The arbitration order is the latest in a lengthy and complex legal saga involving the firm’s deferred compensation arrangement and its alleged refusal to pay six-figure benefits to departed advisors.

As detailed in the new FINRA arbitration order shared with ThinkAdvisor by an attorney representing some of the former advisors, the amounts of deferred compensation to be paid range from about $70,000 upward to more than $600,000, plus substantial attorneys fees and interest payments. Morgan Stanley is also ordered to pay to cover the cost of certain hearing fees, member fees and related administrative expenses.

In response to a request for comment about the order, a Morgan Stanley spokesperson offered the following: “Morgan Stanley has long offered deferred compensation to financial advisors to reward them for loyalty and good guardianship. This is not a retirement plan, as prior arbitration panels have rightly decided, and we think the panel reached the wrong result. We will continue to aggressively defend against meritless attacks suggesting otherwise.”

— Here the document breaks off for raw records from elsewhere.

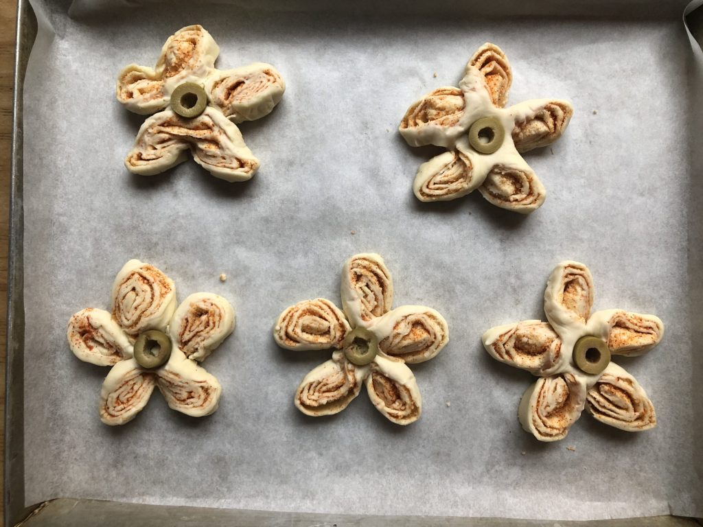 Abrir suavemente el hojaldre formando una flor y colocar en el centro de cada flor media aceituna verde.
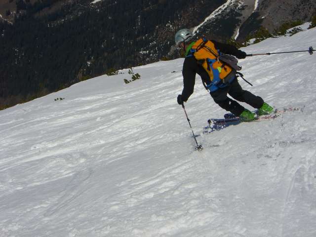 Tourenverhältnisse: am Di abends aufs Stahlhaus (insgesamt 4 Gäste), Mi 6:20 Start Route grossteils wie in TT beschrieben, wir haben halt den Schlumkopf auch noch mitgenommen, am Schneibstein keine(!) Harcheisen nötig (auf der ganzen Reibn nicht) absolut lässige Spur, kaum Wind, Funtenseetauern mit Ski bis zum Gipfel, Abfahrt zum Kärlingerhaus, am Do erst ganz normal zur Hundstodscharte und Abfahrt in die Schönwies, dann sind wir aber aufs Seehorn und runter nach Weissbach/Lofer da wir mitgekriegt haben, dass das Wimbachgries fast vollständig aper ist. Abfahrt vom Seehorn bester Firn und mit 3x abschnallen mit Ski bis Parkplatz
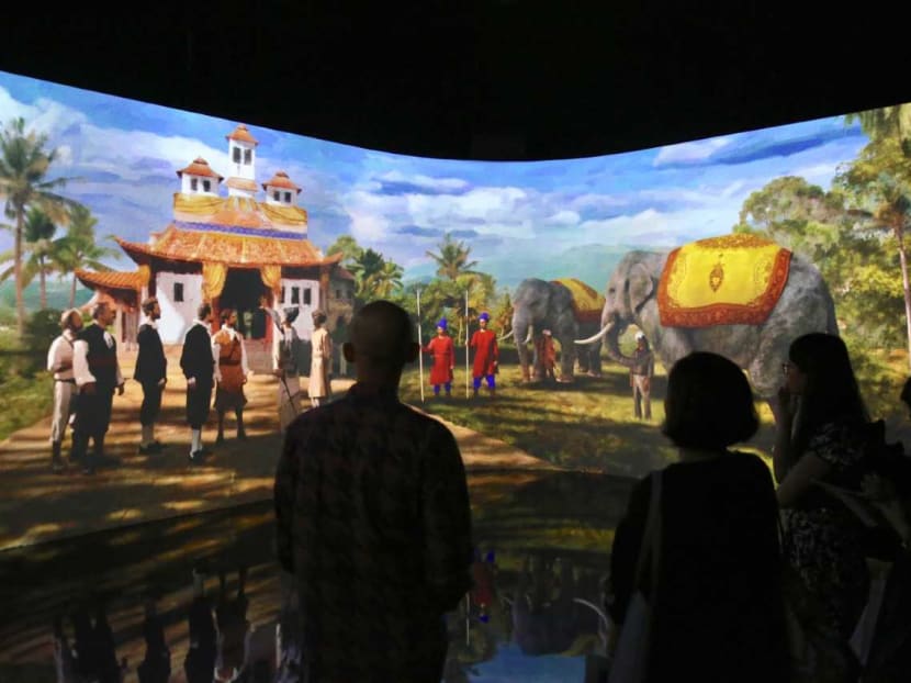 An interactive display called "Meeting of the worlds", part of an exhibition at the National Museum of Singapore to mark Singapore's bicentennial celebrations. Photo: Najeer Yusof/TODAY
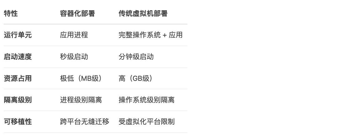 与传统虚拟机相比,容器具有革命性的轻量化优势。它不包含完整的操作系统,而是共享宿主机的操作系统内核,仅通过隔离进程和文件系统实现应用沙盒化 。这种架构带来三大核心优势:
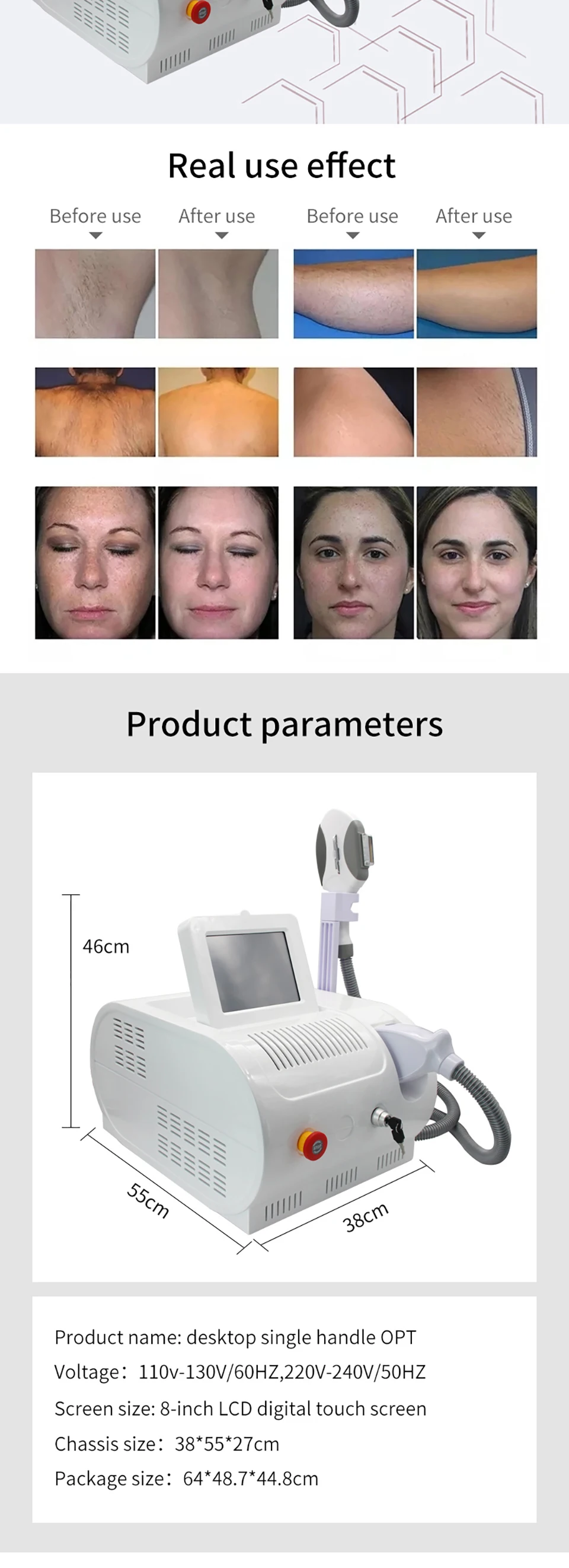 OPT+IPL laser hair remover has goods in European warehouses, American warehouses and Russian warehouses. You can receive your package quickly. The interface of the warehouse in Russia is Russian. You can easily operate and use the machine.
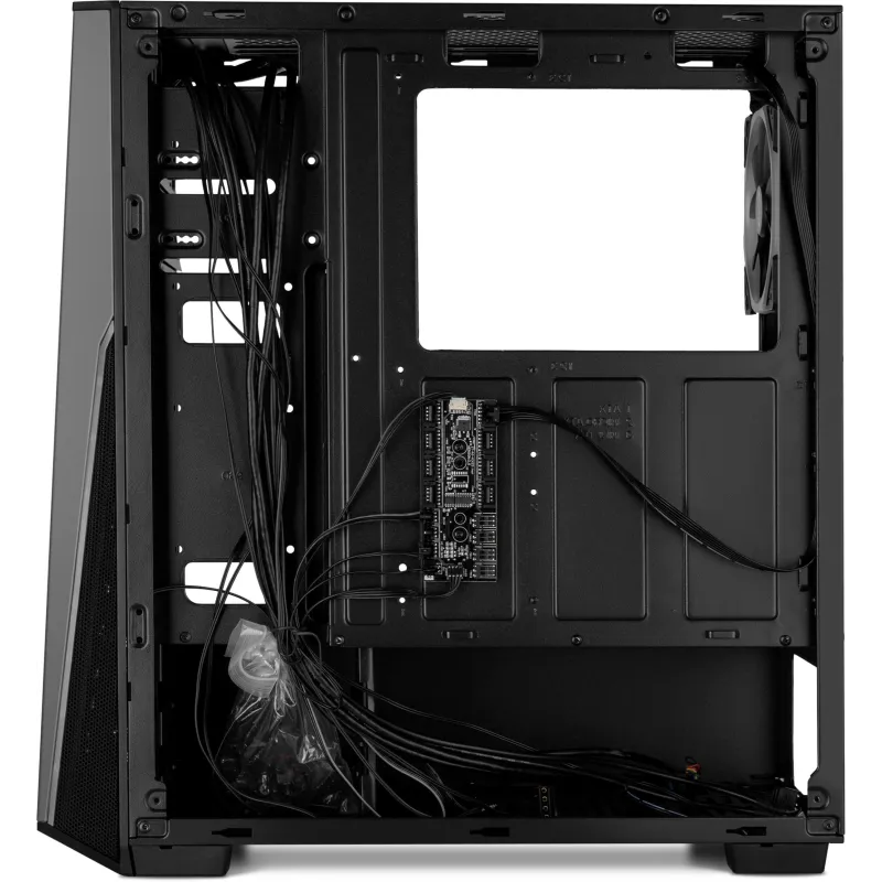 Este gabinete para PC presenta un elegante diseño en color negro y está fabricado con material SPCC de alta calidad. Su factor de forma Midi Tower es ideal para configuraciones de juego, soportando tarjetas madre de distintos tamaños como ATX, ITX y micro ATX. Además, cuenta con un panel lateral de vidrio templado que permite mostrar el interior del equipo.
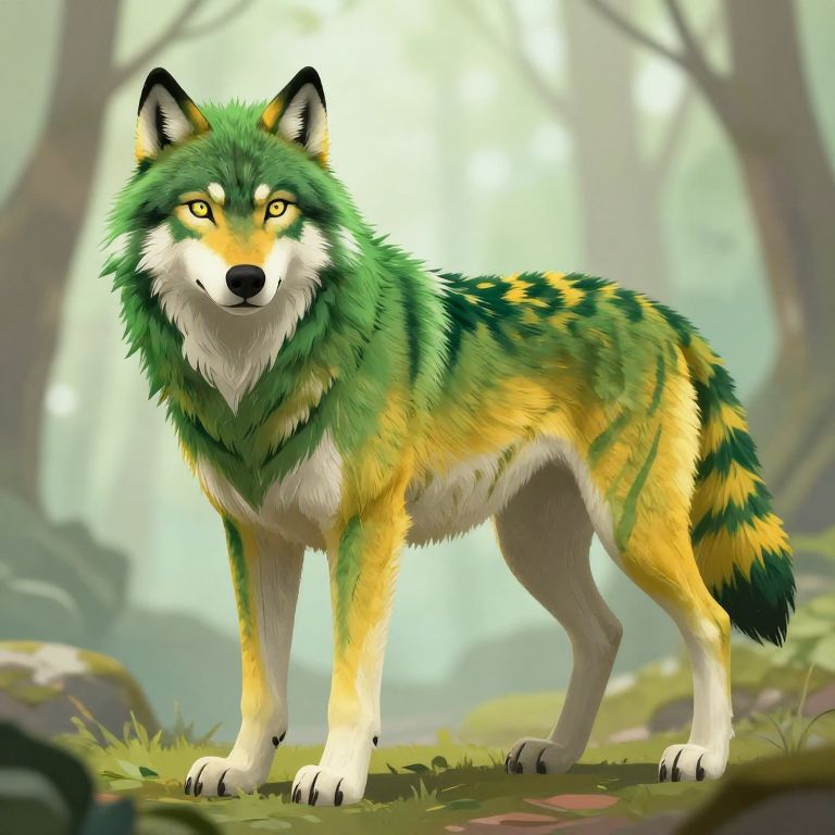 Digital artwork of a vibrant, fantasy wolf standing in a misty forest. The wolf has striking yellow and green fur with black stripes and white accents on its chest and paws. Its yellow eyes are piercing and alert, and its black-tipped ears are perked up. The background is a softly blurred forest with tall trees and a light green, ethereal glow. The wolf's fur is detailed with a mix of smooth and fluffy textures, giving it a realistic yet fantastical appearance. The forest floor is covered in grass and small rocks.
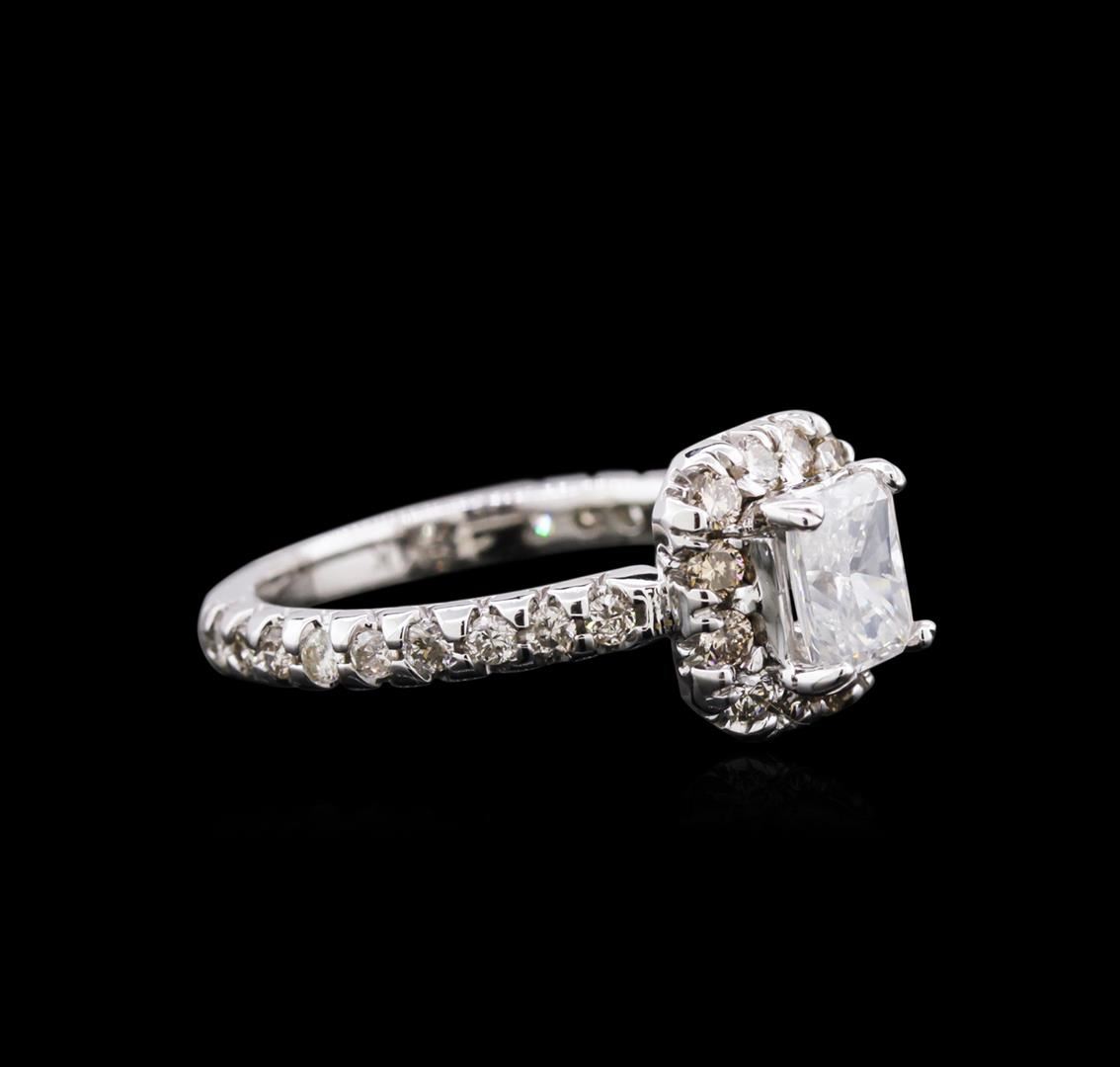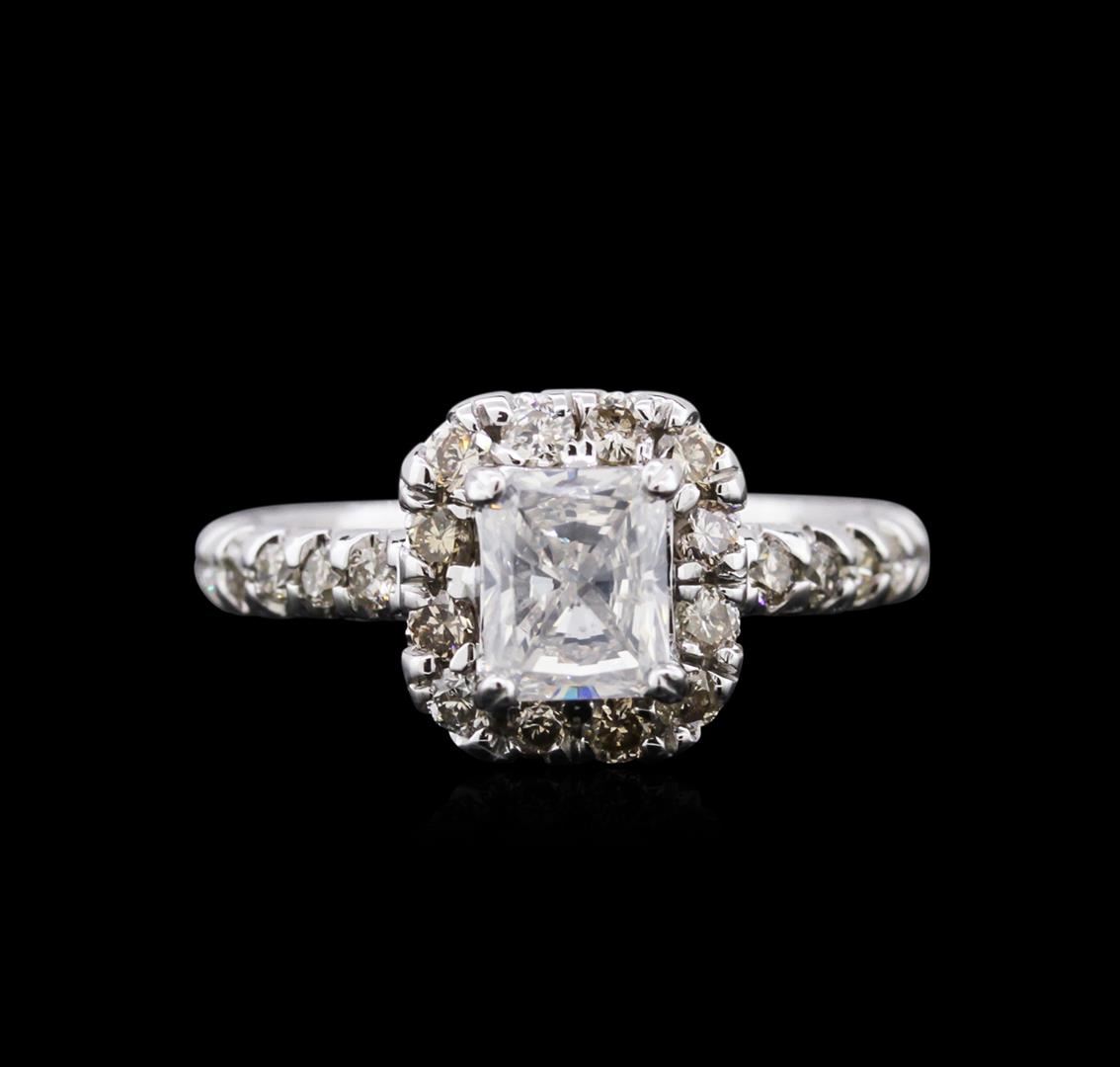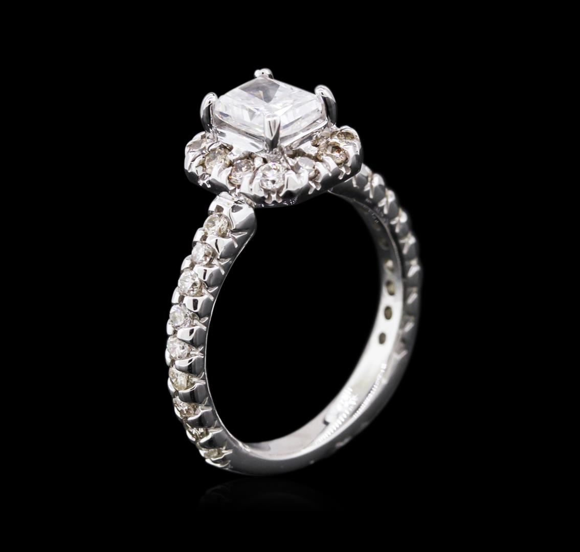 One electronically tested 14KT white gold ladies cast diamond engagement ring with a bright polish finish. Identified with markings of "14K". Condition is new. Containing: One prong set radiant shaped cut diamond, measuring 6.20 x 5.20 x 3.90mm (depth est.) approximate weight of 1.02ct. Clarity: SI-1. Color: K, Cut is Good. Thirty prong set round brilliant cut diamonds, measuring 1.80 - 1.80 x 1.08mm (depth est.) approximate total weight of 30 Stones = 0.82ct. Clarity: I-1 to I-2. Color: J - K, Cut is Good. Diamonds are graded in the mounting, unless otherwise stated. Total Weight of Diamonds 1.84ct. Total Weight of Engagement Ring 4.60 grams. GGL Appraised at $7,945.00.
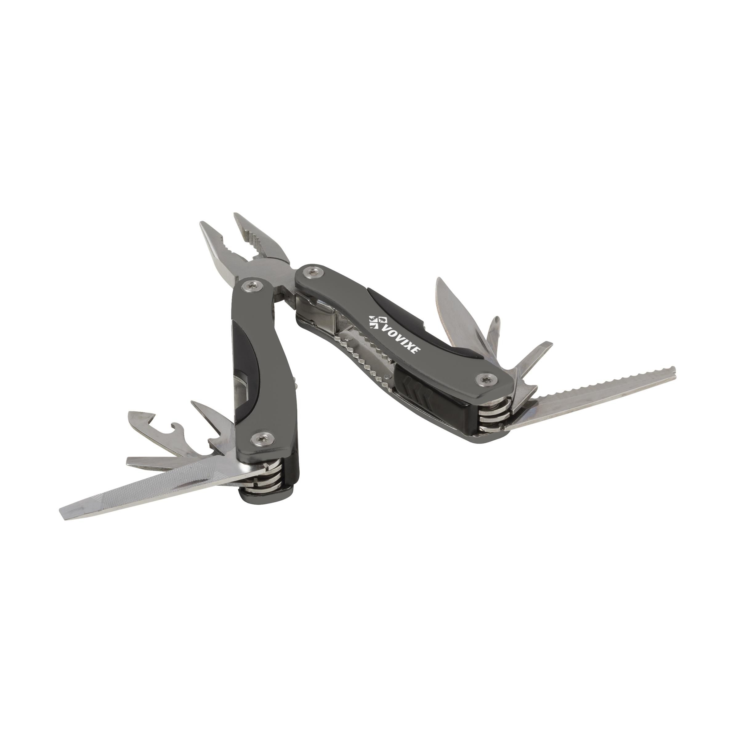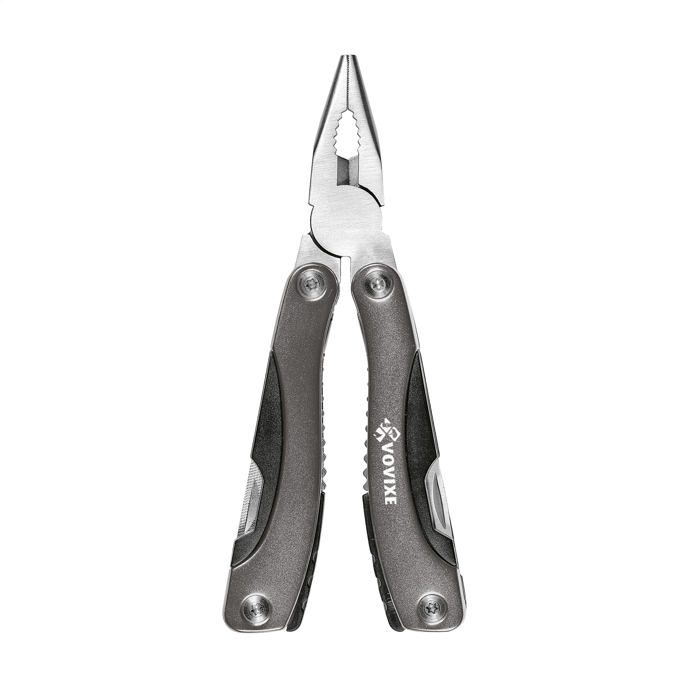 Kompakte Multizange aus Edelstahl mit Handgriff aus Aluminium im Metalliclook. 9-teilig mit 13 Funktionen: Zange, Isolierzange, 3 Schraubenzieher, Reibahle, Feile, Dosenöffner, Kapselheber, Fischentschupper, Haken-Entferner, Messer, Kreuzschraubenzieher. Mit Schloss. In einem Nylonetui. Beachten Sie, dass möglicherweise lokale Vorschriften für den Besitz und / oder das Tragen von Messern oder Multitools in der Öffentlichkeit gelten. Wird einzeln in einem Kraftkarton geliefert.

The new arbitration ruling comes several months after a court case involving similar claims was itself ordered into arbitration by the U.S. District Court for the Southern District of New York. In that mixed ruling, the judge declared that Morgan Stanley’s deferred compensation program was subject to the rules and requirements of the Employee Retirement Income Security Act, while simultaneously determining that the advisors needed to arbitrate their claims that Morgan Stanley illegally withheld certain deferred compensation payments after they chose to leave the firm.

At the time, Morgan Stanley declined to offer specific comments about the questions raised in the case or the proceedings writ large, pointing instead to the argumentation in its prior filings. In those documents, the firm argues the specific structure of its deferred compensation plan should not trigger ERISA anti-cutback protections.